◆ **Instructions for the task**
The task for the listing below is to write out exactly the lines starting at the one containing "Prov. | Comu. |" and ending at the one containing "Ce tabouret élégant", both included. Pictures are to be omitted.

◆ **Recorded data**
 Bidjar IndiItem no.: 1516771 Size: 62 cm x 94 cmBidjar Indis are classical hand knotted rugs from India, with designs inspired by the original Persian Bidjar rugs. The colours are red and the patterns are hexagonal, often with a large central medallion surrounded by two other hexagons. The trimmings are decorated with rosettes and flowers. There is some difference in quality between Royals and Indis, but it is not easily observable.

--

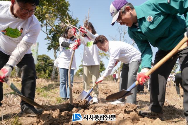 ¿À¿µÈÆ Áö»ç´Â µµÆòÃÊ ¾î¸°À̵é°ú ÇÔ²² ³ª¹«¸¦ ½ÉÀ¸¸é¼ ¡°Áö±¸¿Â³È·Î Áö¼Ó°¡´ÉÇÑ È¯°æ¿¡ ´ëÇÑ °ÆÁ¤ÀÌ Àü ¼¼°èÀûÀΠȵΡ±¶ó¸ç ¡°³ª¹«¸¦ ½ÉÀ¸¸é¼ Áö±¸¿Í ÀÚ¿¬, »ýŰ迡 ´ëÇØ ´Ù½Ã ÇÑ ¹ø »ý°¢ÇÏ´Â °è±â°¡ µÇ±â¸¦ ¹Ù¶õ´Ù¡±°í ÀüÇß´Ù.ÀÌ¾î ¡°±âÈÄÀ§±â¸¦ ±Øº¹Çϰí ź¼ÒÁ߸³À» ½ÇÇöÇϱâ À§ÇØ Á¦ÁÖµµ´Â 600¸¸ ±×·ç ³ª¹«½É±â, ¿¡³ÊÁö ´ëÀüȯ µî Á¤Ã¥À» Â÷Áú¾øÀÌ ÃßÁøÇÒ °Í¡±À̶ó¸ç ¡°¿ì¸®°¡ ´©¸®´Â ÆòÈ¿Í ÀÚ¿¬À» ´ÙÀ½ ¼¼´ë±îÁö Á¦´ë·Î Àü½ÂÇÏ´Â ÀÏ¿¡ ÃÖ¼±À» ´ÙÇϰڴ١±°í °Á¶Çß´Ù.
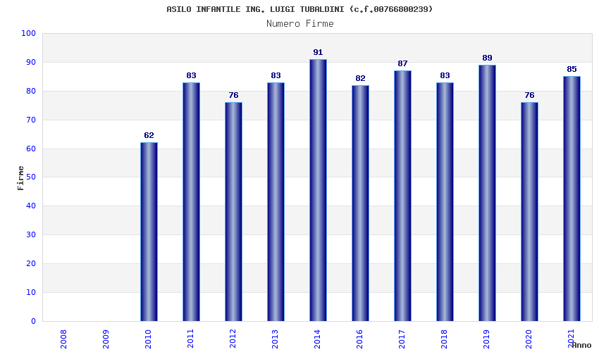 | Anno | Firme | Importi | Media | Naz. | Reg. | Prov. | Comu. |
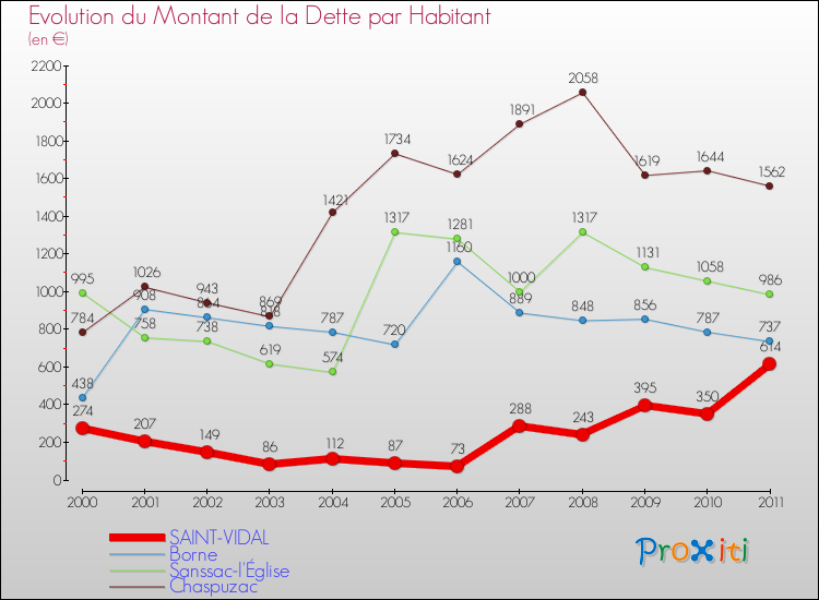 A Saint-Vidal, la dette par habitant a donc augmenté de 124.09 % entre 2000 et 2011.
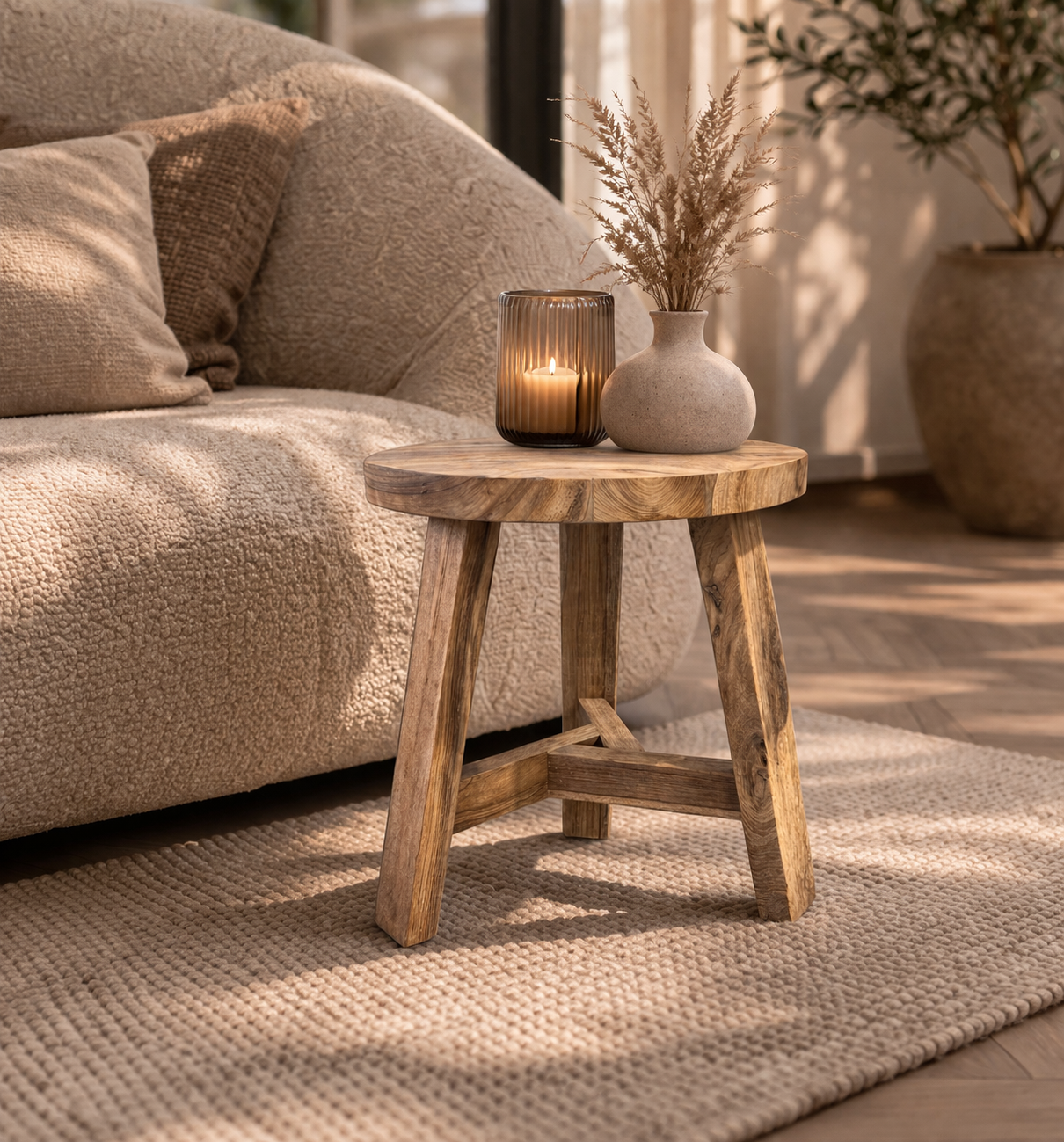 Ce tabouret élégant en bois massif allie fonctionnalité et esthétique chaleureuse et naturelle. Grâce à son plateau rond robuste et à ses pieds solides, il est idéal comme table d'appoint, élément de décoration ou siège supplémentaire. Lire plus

◆ **Written response**
 | Anno | Firme | Importi | Media | Naz. | Reg. | Prov. | Comu. |
 A Saint-Vidal, la dette par habitant a donc augmenté de 124.09 % entre 2000 et 2011.
 Ce tabouret élégant en bois massif allie fonctionnalité et esthétique chaleureuse et naturelle. Grâce à son plateau rond robuste et à ses pieds solides, il est idéal comme table d'appoint, élément de décoration ou siège supplémentaire. Lire plus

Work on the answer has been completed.